* [TASK] Retype exactly the lines below, starting with the line that contains "This fry cone" and ending with the last line; leave out any pictures.

************

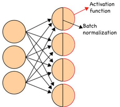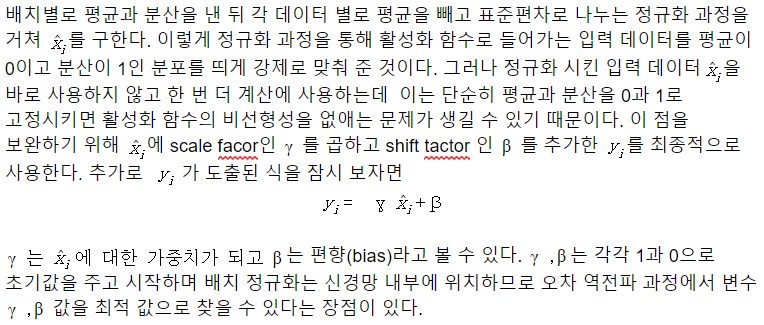 배치 정규화는 말 그대로 한 번에 들어오는 입력 단위인 배치 마다 정규화를 진행하는 기법이다. 이로써 활성화 함수의 입력 데이터를 정규분포로 맞추어 내부 공변량 변화를 해결한 것이다. 아래의 그림처럼 배치정규화는 활성화 함수를 통과하기 전에 배치 정규화 과정을 추가한다.
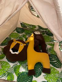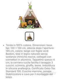 Tenda da indiani. Tenda da gioco per bambini. Tema giungla. Vendo per inutilizzo. Montata ma mai utilizzata. No scatola origibale Dimensioni: base tipi: 120 x 120 cm, altezza dopo l'apertura: 145 cm, colore: beige con foglie verdi Bastoni, telai in legno naturale senza sostanze chimiche nocive, collegati con connettori in alluminio. Tappetino spesso 4 cm; la cerniera cucita facilita il lavaggio 3 cuscini: scimmia, giraffa, leone. Imbottitura in silicone anallergica. Certificato Oeko-Tex Standard 100. Cuscino marrone, senape Stabilizzatore e cavo per il montaggio del telaio
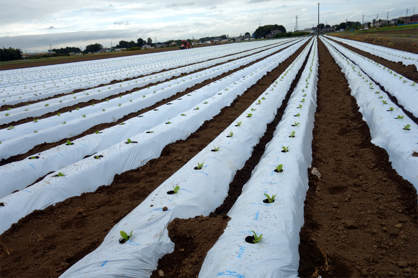 2020年9月1日(火)、苗を植えたばかりの白菜圃場。
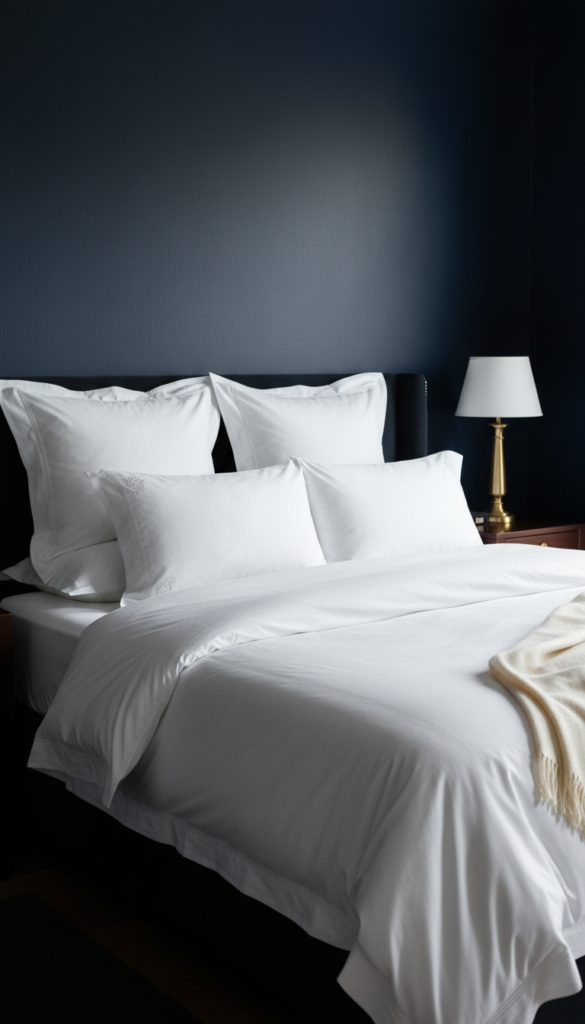 Nothing says “luxury hotel” quite like the combination of dark navy walls and stark white bedding. The contrast is sharp, clean, and incredibly inviting.
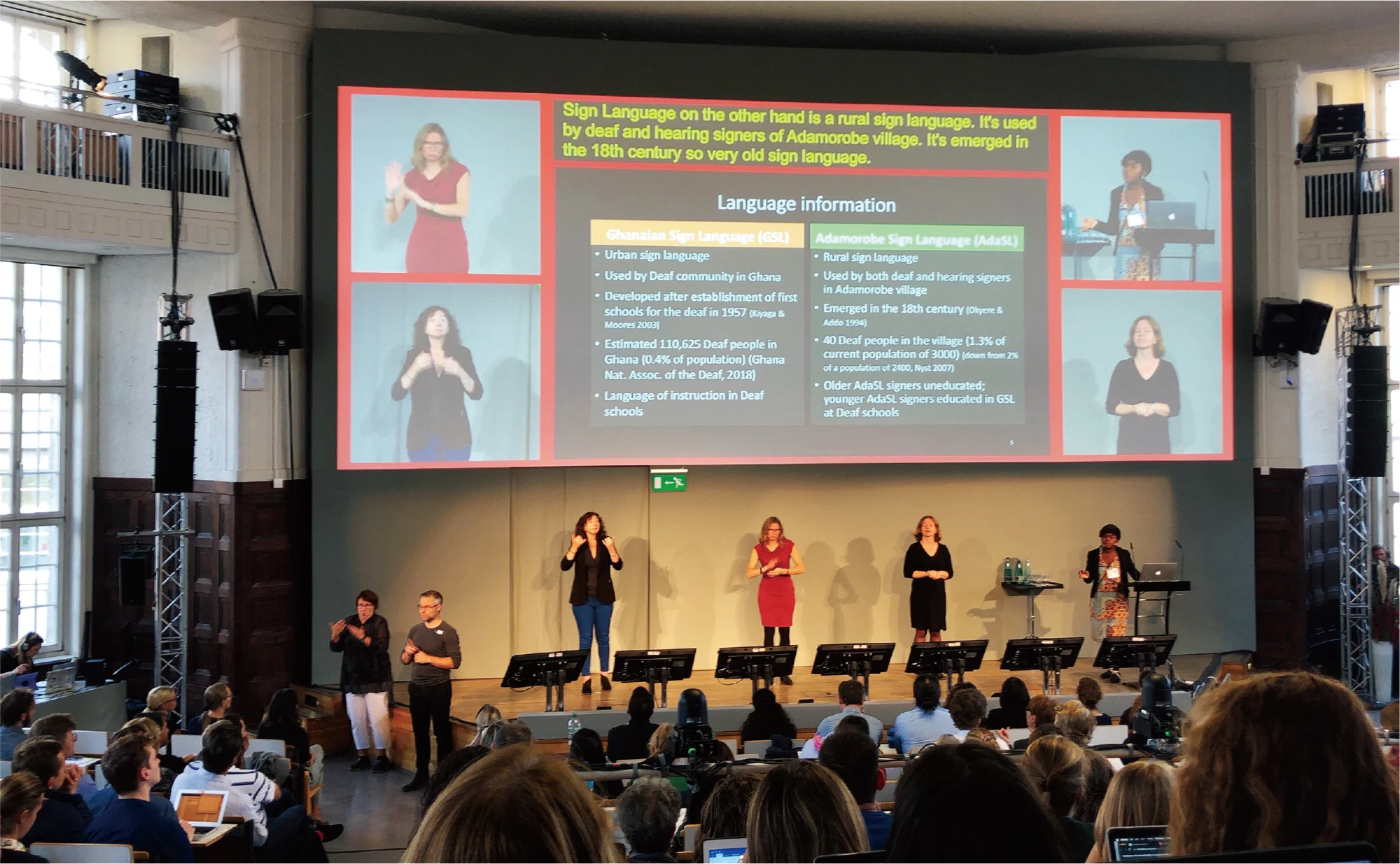 現在では、初等教育から手話言語を使うことで言語力が伸びることがわかっています。アメリカのギャローデット大学のように、手話で教育を受け研究ができる高等機関には、世界各国からろう聴問わず、研究者が集まります。言語学の分野でも、手話が研究対象に積極的に組み込まれるようになってきています。
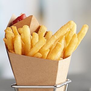 This fry cone features a natural kraft color for a sophisticated presentation of your signature sides, desserts, or appetizers. For added versatility, it can also be used in a compatible cone-shaped wire basket (sold separately).
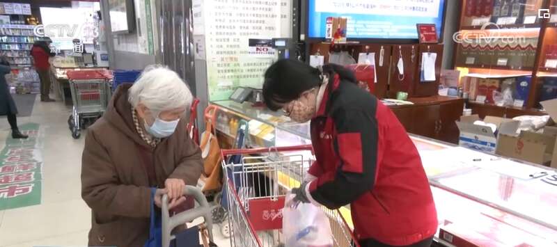 早上8时,社区附近的东单菜市场开门营业。87岁的曹奶奶今天用积分换了很多东西,菜市场的工作人员提出免费帮她送到家里。
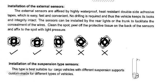 Схема размещения датчиков прилагается. Датчики имеют определенный угол обзора. Я купил в Гонконге. Комплект с 4-мя датчиками и дисплеем обошелся в $60. Только я забыл сказать, что мне нужен дисплей метрический. По умолчанию, выслали в футах.

************

* [SOLUTION FOR THIS EXERCISE]
 This fry cone features a natural kraft color for a sophisticated presentation of your signature sides, desserts, or appetizers. For added versatility, it can also be used in a compatible cone-shaped wire basket (sold separately).
 早上8时,社区附近的东单菜市场开门营业。87岁的曹奶奶今天用积分换了很多东西,菜市场的工作人员提出免费帮她送到家里。
 Схема размещения датчиков прилагается. Датчики имеют определенный угол обзора. Я купил в Гонконге. Комплект с 4-мя датчиками и дисплеем обошелся в $60. Только я забыл сказать, что мне нужен дисплей метрический. По умолчанию, выслали в футах.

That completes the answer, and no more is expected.